* [Your objective]:
Restate, word for word and with no pictures, the stretch of lines in the data below that begins at the line with "- Garten Christine" and ends at the line with "Because I will", inclusive.

* [Records for this exercise]:
------------------------------------------------------------

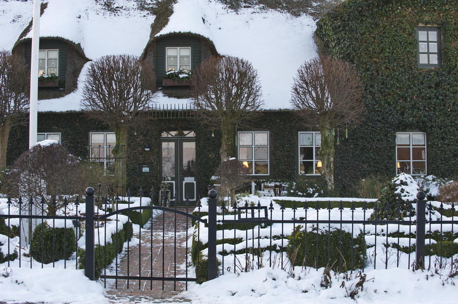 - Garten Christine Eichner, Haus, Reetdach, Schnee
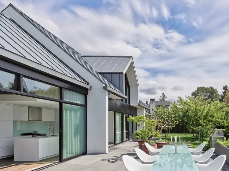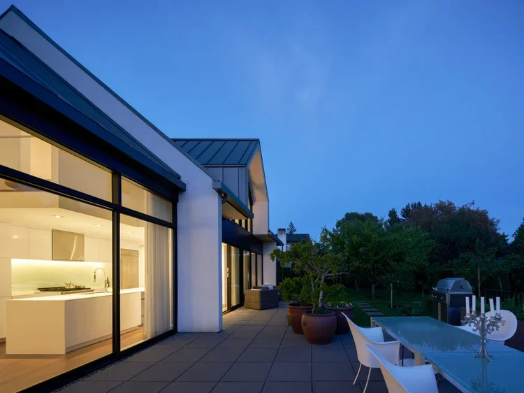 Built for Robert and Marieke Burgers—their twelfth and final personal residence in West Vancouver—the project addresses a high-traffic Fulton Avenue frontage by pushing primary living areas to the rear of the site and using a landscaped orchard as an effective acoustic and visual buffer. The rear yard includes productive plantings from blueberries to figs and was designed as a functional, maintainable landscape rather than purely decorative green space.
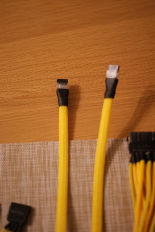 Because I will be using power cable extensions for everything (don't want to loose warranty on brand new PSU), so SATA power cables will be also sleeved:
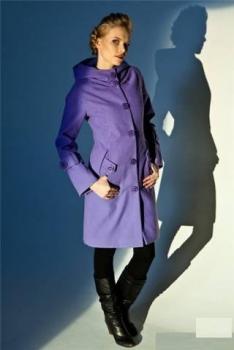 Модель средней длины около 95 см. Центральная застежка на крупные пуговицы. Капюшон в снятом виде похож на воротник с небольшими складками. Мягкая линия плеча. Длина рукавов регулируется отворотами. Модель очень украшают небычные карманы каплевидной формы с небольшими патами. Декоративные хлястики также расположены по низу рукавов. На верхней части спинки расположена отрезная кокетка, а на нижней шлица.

------------------------------------------------------------

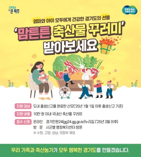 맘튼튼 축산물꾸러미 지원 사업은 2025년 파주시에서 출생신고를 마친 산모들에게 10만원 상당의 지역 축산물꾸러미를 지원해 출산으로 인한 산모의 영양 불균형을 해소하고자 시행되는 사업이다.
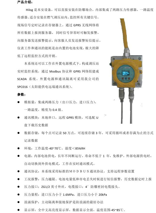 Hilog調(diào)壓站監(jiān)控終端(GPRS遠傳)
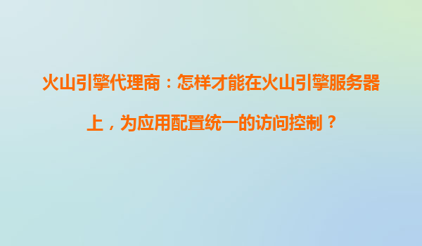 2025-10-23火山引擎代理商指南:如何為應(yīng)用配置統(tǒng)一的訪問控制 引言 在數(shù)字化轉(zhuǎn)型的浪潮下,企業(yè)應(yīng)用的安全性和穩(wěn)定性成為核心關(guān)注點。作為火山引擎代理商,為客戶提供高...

------------------------------------------------------------

* [Task answer]:
 - Garten Christine Eichner, Haus, Reetdach, Schnee
 Built for Robert and Marieke Burgers—their twelfth and final personal residence in West Vancouver—the project addresses a high-traffic Fulton Avenue frontage by pushing primary living areas to the rear of the site and using a landscaped orchard as an effective acoustic and visual buffer. The rear yard includes productive plantings from blueberries to figs and was designed as a functional, maintainable landscape rather than purely decorative green space.
 Because I will be using power cable extensions for everything (don't want to loose warranty on brand new PSU), so SATA power cables will be also sleeved:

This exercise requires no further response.